If you hold the specified qualification for a skilled trade requiring a licence, you can use the proof of this qualification to apply for registration in the register of qualified craftsmen (Handwerksrolle). All self-employed persons working in a skilled trade requiring a licence are listed in this register. Registration is obligatory. You need to file the respective "application for registration in the register of qualified craftsmen" (Antrag auf Eintragung in die Handwerksrolle) with the Chamber of Crafts and Skilled Trades in the region in which you wish to become self-employed.
No specific vocational qualifications are required for the trades that are not listed here. You simply need to register in the directory for licence-free skilled trades (Verzeichnis für zulassungsfreie/handwerksähnliche Gewerbe).
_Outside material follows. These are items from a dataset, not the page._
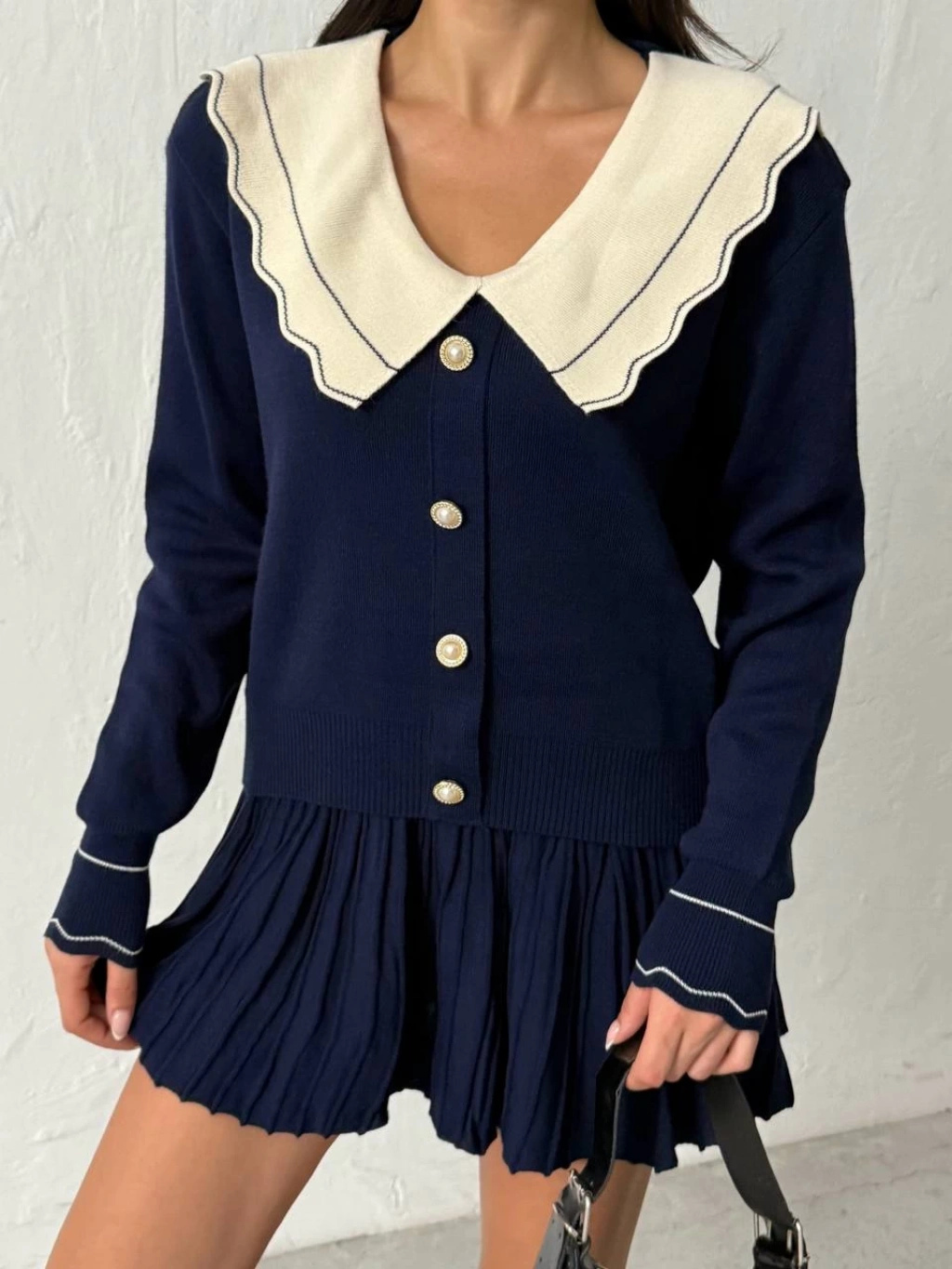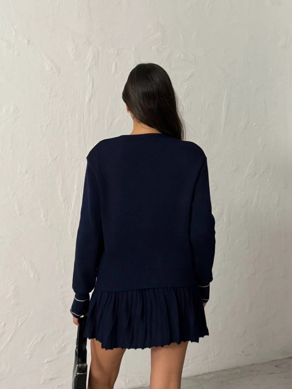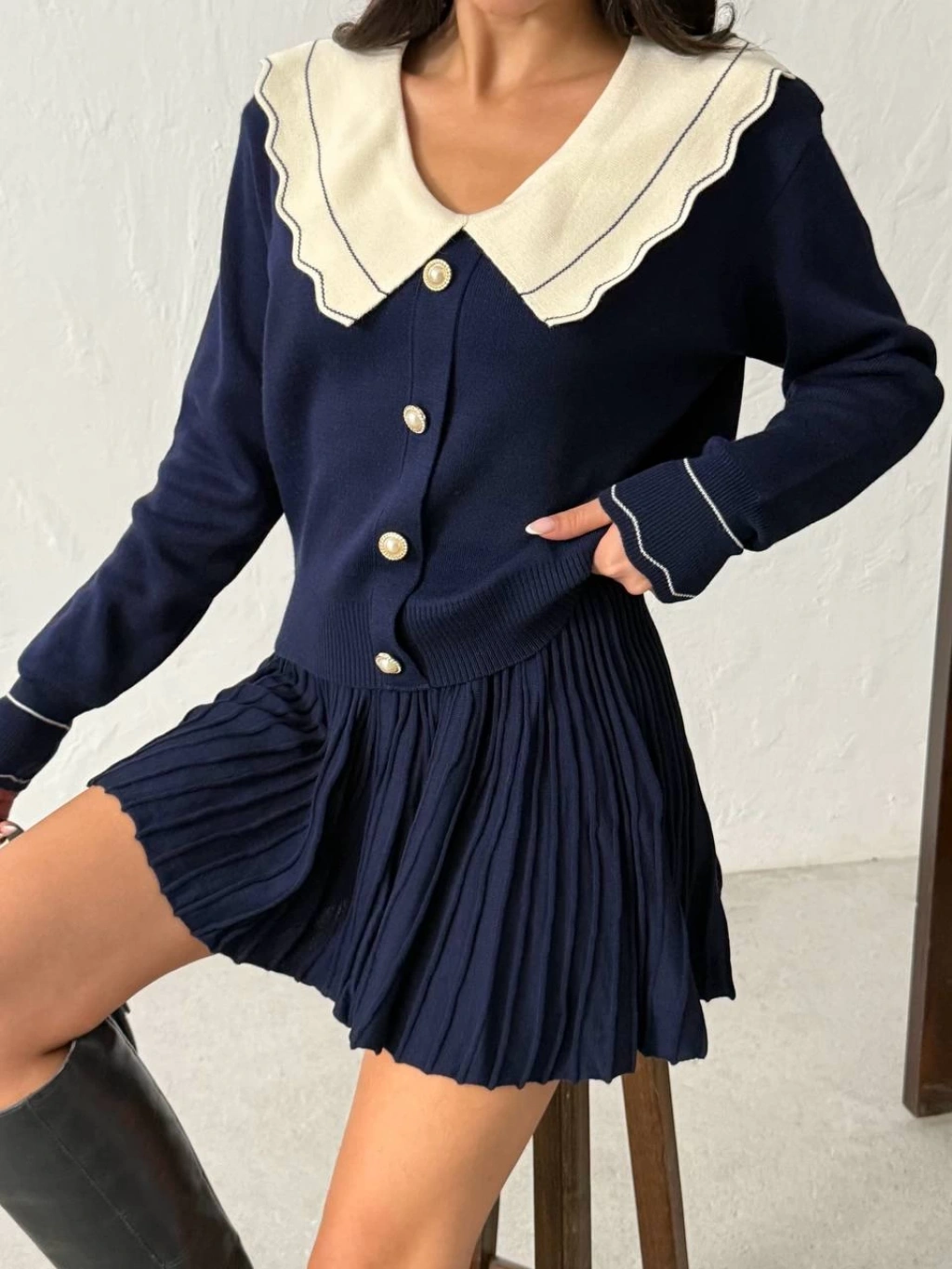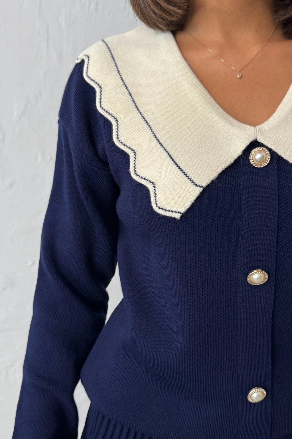 Kadın Lacivert Şık Yaka Detaylı Hırka Bluz Etek Alt Üst İkili Takım (Yeni Renk)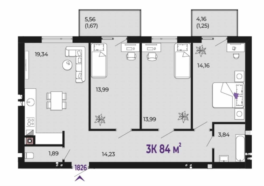 • Общая площадь 84 м2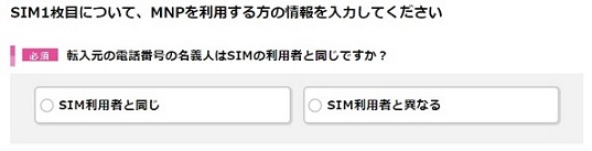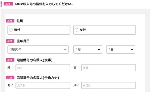 選択後、MNP転入元の情報入力欄が表示されますのでMNP転入元の 情報を入力し、お手続きを完了させてください。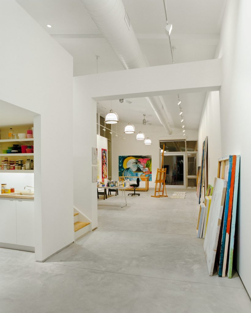 This light-filled artist studio is conceived as a simple rectangular box which rests lightly on a 1.5 acre East Hampton site. Lifted off the ground by concrete piers, the building allows the natural contours of the land to continue below it. In some places, the siteʼs natural slope reveals the studioʼs cast-in-place concrete walls.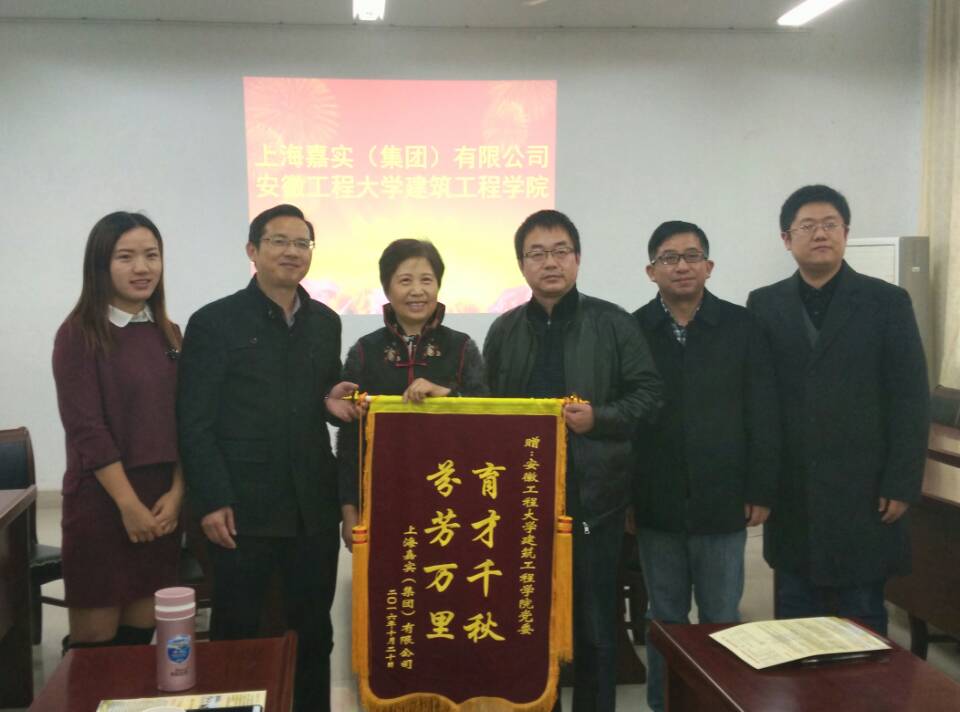 为进一步拓展毕业生的就业途径,实现人才与企业的无缝对接,近日,上海嘉实(集团)有限公司人力资源管理中心主任唐龙妹、人事主管郁佳等代表专程来到我校,为建筑工程学院送上锦旗一副:“育才千秋,芬芳万里”,并就校企双方下一步的合作进行交流。学院党委书徐达奇、院长陆峰,党委副书记李烨等参加交流,并对上海嘉实(集团)有限公司的此次赠旗表达了感谢。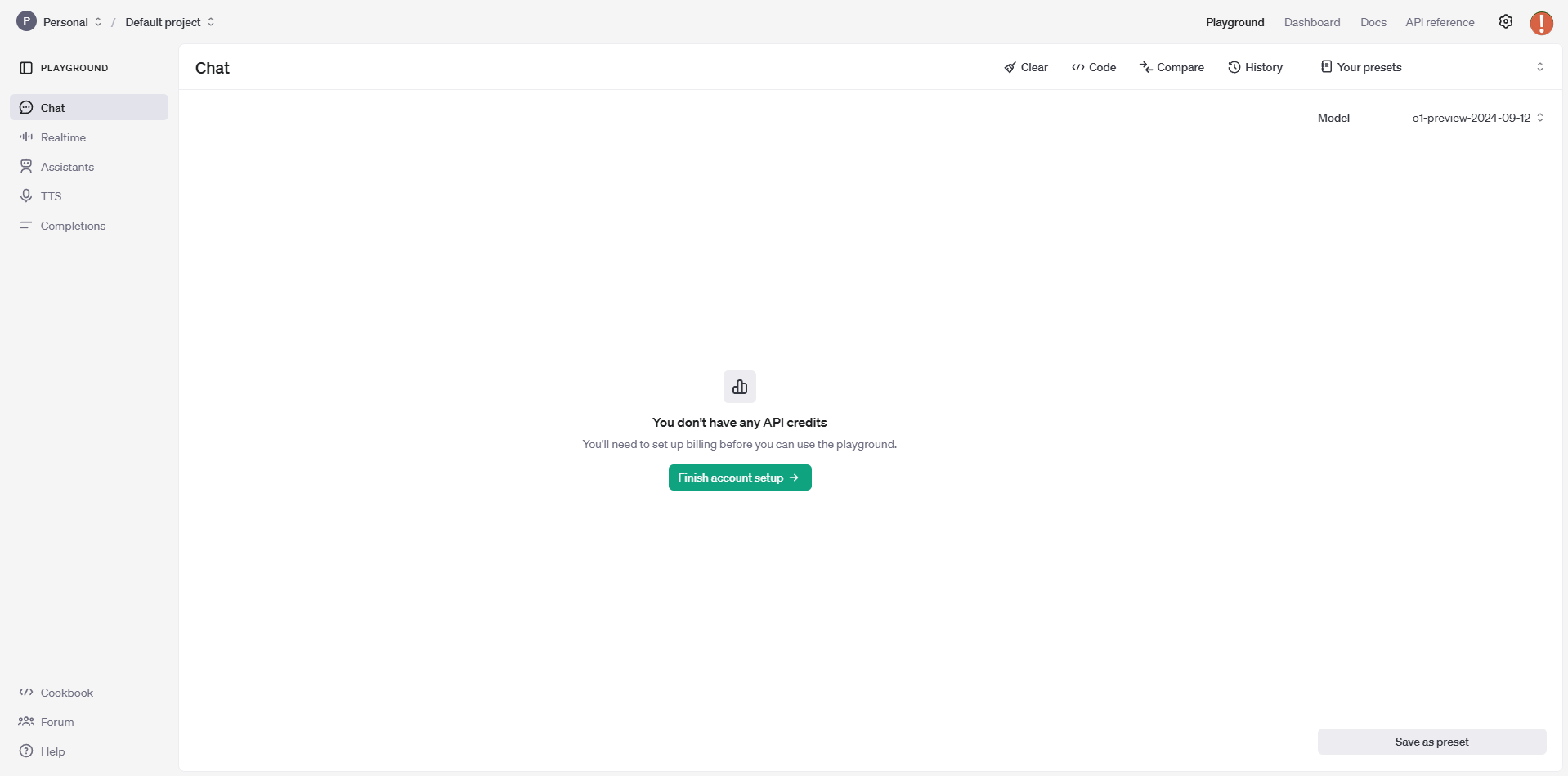 'API 크레딧(Credit)이 없으니... 플레이그라운드(Playground)를 쓰고싶으면 결제해라!'는 의미죠.
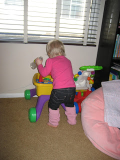 And last but not least, some pictures of her this afternoon wearing her awesome legwarmers made by Auntie Jennifer: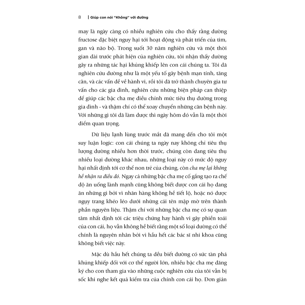 GIÚP CON NÓI “KHÔNG” VỚI ĐƯỜNG Những mối nguy hiểm tiềm ẩn của Đường gây nguy hại đến sức khỏe của con bạn và Những điều bạn có thể làm Tác giả: Tiến sĩ Michael I Goran và Tiến sĩ Emily E. Ventura Phần lớn chúng ta đều biết rằng đường có hại cho cơ thể người nhưng rất ít người nhận ra tác hại kinh khủng mà đường gây ra cho những đứa trẻ của chúng ta, về mặt thể chất, cảm xúc và sức khỏe tâm thần. Tiến sĩ, nhà nghiên cứu hàng đầu về tình trạng béo phì của trẻ em, Michael Goran (Trường Đại học Nam California) đã chỉ ra rằng ngày nay trẻ em không chỉ tiêu dùng nhiều lượng đường hơn mà còn nhiều dạng đường hơn trước. Điều này đặc biệt có hại cho sự phát triển của gan, tim và não bộ. Quan trọng hơn là không có nhiều bậc phụ huynh nhận ra ảnh hưởng xấu này lên những cơ thể non nớt của con cái họ. Trong cuốn sách Giúp con nói “Không” với đường, các tác giả Gor...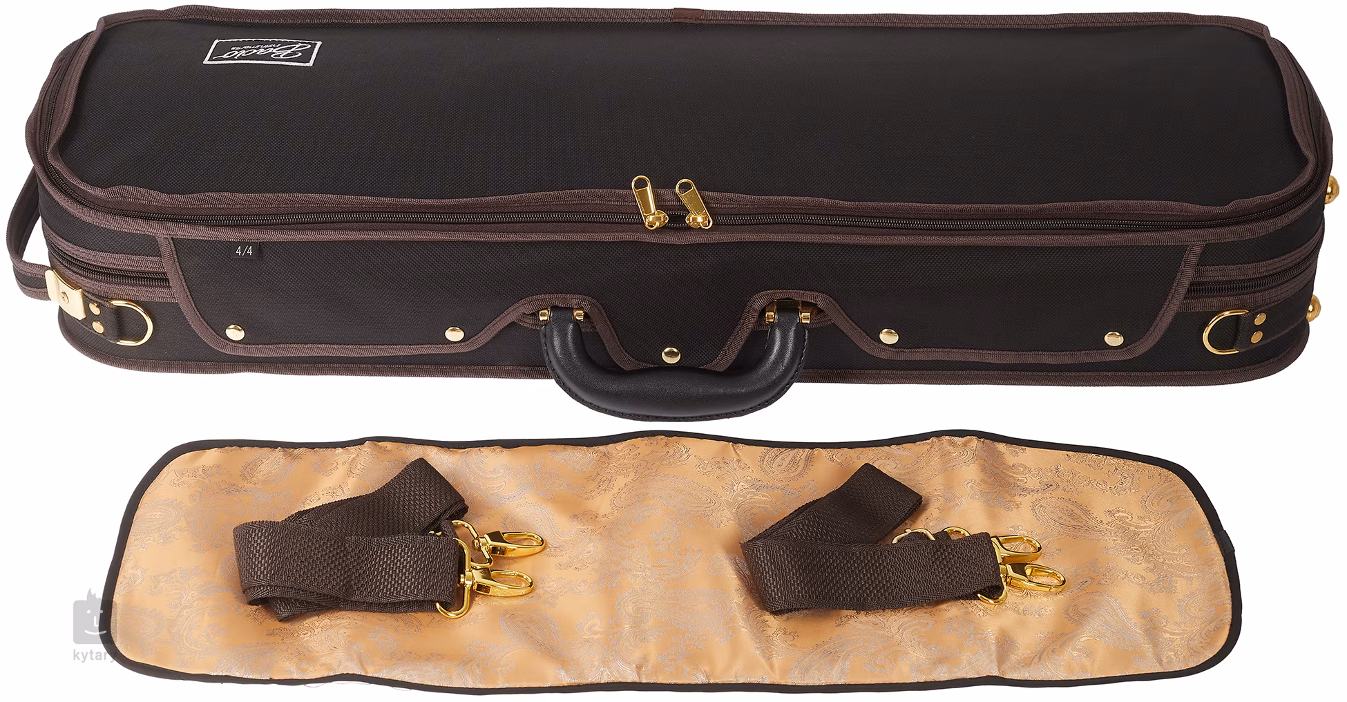 Ten stylowy futerał na skrzypce oferuje wiele praktycznych funkcji, ale przede wszystkim naprawdę niezawodną ochronę dla Twojego instrumentu. Jego podstawą jest grube wyściełanie z przyjemnie lekkiego materiału piankowego, które wzmocnione jest ramą ze sklejki, chroniącą instrument przed wstrząsami i uderzeniami. Zewnętrzna warstwa wykonana jest z wytrzymałej tkaniny Oxford, która chroni futerał przed zabrudzeniami i warunkami atmosferycznymi, natomiast wnętrze futerału wyłożone jest pluszem, dzięki czemu nie musisz się nawet martwić o bezpieczeństwo lakieru instrumentu. Oczywiście wysokiej jakości okucia zapewniają długą żywotność etui. Ucieszą Cię cztery uchwyty na sznurki, rurka do przechowywania zapasowych sznurków, higrometr, przestronna wewnętrzna komora do przechowywania akcesoriów oraz para wygodnych uchwytów.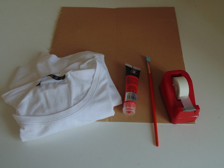 Antes de empezar a pintura, coloqué un cartón entre las dos partes de la camiseta, para evitar manchar la parte detrás con pintura.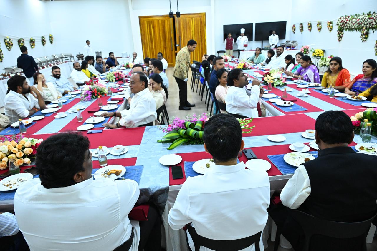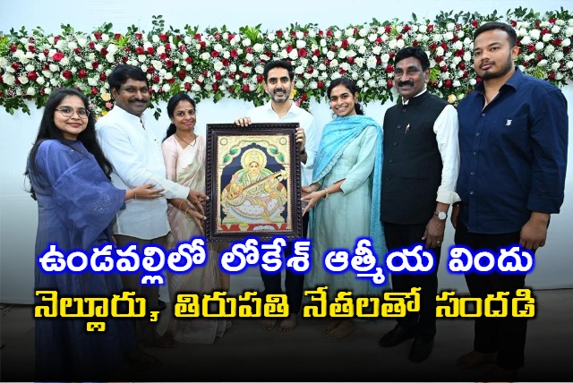 విద్య, ఐటీశాఖల మంత్రి నారా లోకేశ్ మంగళవారం రాత్రి ఉండవల్లిలోని తన నివాసంలో నెల్లూరు, తిరుపతి పార్లమెంటు నియోజకవర్గాల ప్రజాప్రతినిధులకు ఆత్మీయ విందు ఇచ్చారు. ఈ కార్యక్రమం రాజకీయాలకు దూరంగా, ఒక కుటుంబ వేడుకలా ఆద్యంతం సందడిగా సాగింది. ప్రజాప్రతినిధులు తమ కుటుంబ సభ్యులతో కలిసి ఈ విందులో పాల్గొన్నారు.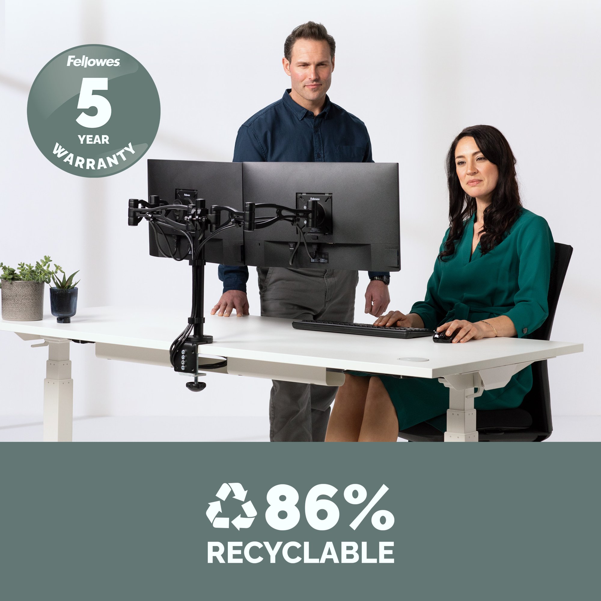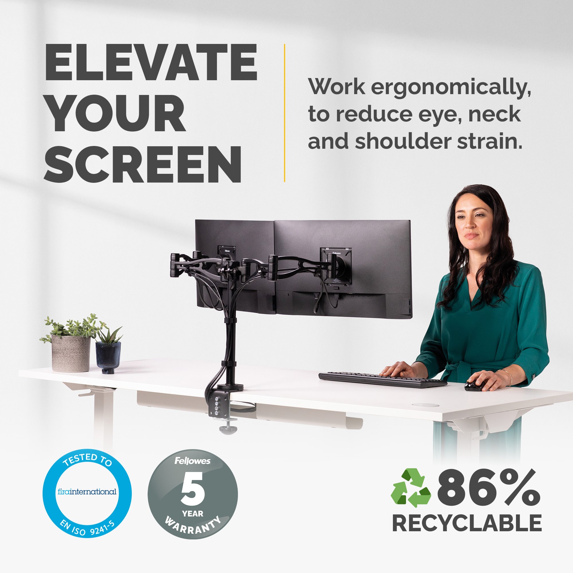 Sitting or standing with bad posture all day using a computer is bad for your health. Leaning forwards or tilting your head up or down not only causes back and neck strain but is also bad for your eyes. The Fellowes Vista Dual Monitor arm will improve your ergonomic posture and reduce back neck and eye strain. Working with a dual monitor stand means you can view more screen content and can use multiple programs simultaneously. With ever shrinking office spaces, using a dual monitor mount means you can free up valuable work space to become more organised and productive. With effortless adjustment you can collaborate and share information with colleagues easily, making them ideal for hot desks or shared desks. The Fellowes double monitor stand is ideal for any workspace, with its stylish, continent design. This fully independent adjustable dual monitor arm by Fellowes can pan 180° and can rotate 360° for optimum viewing control. Minimise clutter with the Vista Series monitor stands which feature an intuitive cable management system to keep your workspace tidier. Easily mounted via clamp, each of the monitor arms can hold up to a 10KG monitors with a maximum screen size of 32in / 66.04cm and meets VESA monitor desk mount standards.

In order to receive formal recognition of your foreign qualification, you will have to go through a recognition procedure. In order to become self-employed in a skilled trade requiring a licence, you need to file an application with the Chamber of Crafts and Skilled Trades (Handwerkskammer) in the region in which you wish to become self-employed. If your vocational qualification is considered to be equivalent then you will have overcome the first hurdle in setting up a trade business: You will have the authorisation to practise. If your foreign qualification is not recognised as being equivalent, you will need to complete further qualifications to cover the knowledge and expertise that is currently lacking. Ask your local Chamber of Crafts and Skilled Trades for information about the available adjustment qualifications.
During a recognition procedure, documentation about a foreign qualification and professional experience undertaken abroad is used to verify whether or not they are of equal value for the equivalent German profession, the so-called "reference profession". Several reference professions may come into question; giving you the opportunity to choose which field has the best career prospects. The best outcome for a recognition procedure is a full equivalence. Sometimes, only partial recognitions are granted. In this case, you only receive the full equivalence once you have completed an additional qualification – a so-called "adjustment qualification" – and/or an examination. If the foreign qualification has little or nothing in common with the German reference profession then no recognition will be granted. You can find more information and points of contact at www.anerkennung-in-deutschland.de.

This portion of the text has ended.